Afterwards Frank went to his hut and wrote to his mother. He had intended to go fishing but there wasn’t time now.
He would have caught a fat trout and taken it to the colonel, or, at least, to the colonel’s house. Vanessa would have received it with surprise
and admiration, they would have eaten together, themselves alone, and then – but then he imagined the distancing brightness
of her switch-on hostess’s smile, how desirable yet unapproachable she was in her stockings and
smart clothes, the enigma of her appearance in the darkened window. He tried to imagine being in bed with her but
he couldn’t, not with any particularity, partly because he couldn’t imagine what that was like with anyone and partly
because, in his mind, she was forever withdrawing, closing the door, fading like the light outside the hut window.

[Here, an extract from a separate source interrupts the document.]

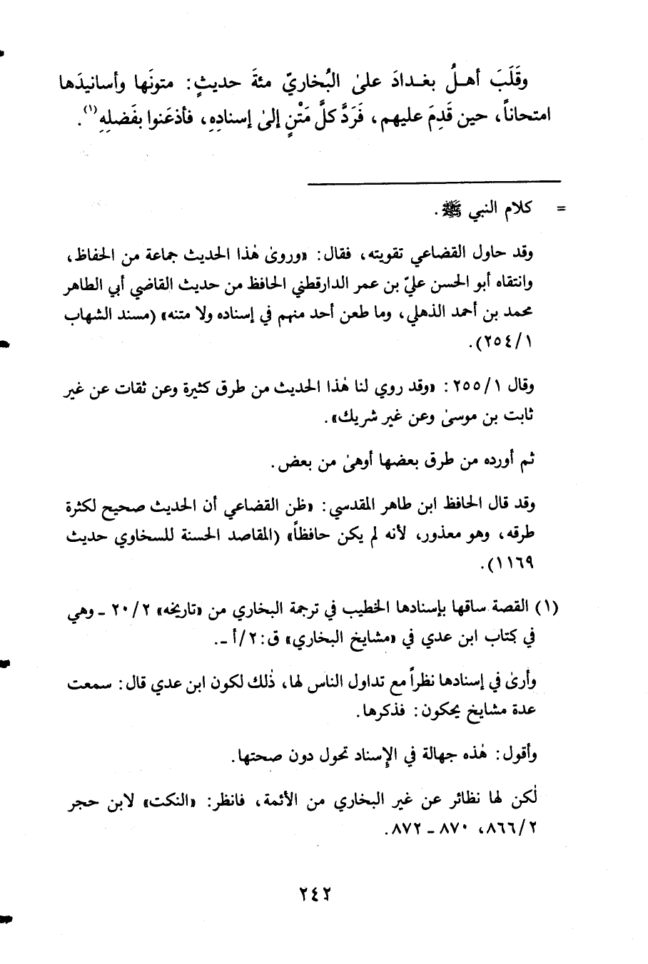 1 - وقلب أهل بَغْدَاد على البُخَارِيّ مئة حَدِيث متونها وأسانيدها امتحانا حِين قدم عَلَيْهِم 2 فَرد كل متن إِلَى إِسْنَاده فأذعنوا بفضله

Those stockings, hard to find in England now, must surely have been given her by someone. Most likely an American serviceman. It was impossible to imagine she had no
admirers and he hated to think of her with them. He couldn’t be the only virgin in the RAF but it felt like it, from the way the others
spoke. This secret, like his fear, he nursed closely. It was even more shameful – fear was at least
understandable and, he was sure, privately shared by many. But being a virgin made him feel he was living under false pretences, pretending to be a man
without having fully qualified. He feared being killed without having done it, as if even in death he would be incomplete. Tony had done it,
clearly. That must have made it easier to die.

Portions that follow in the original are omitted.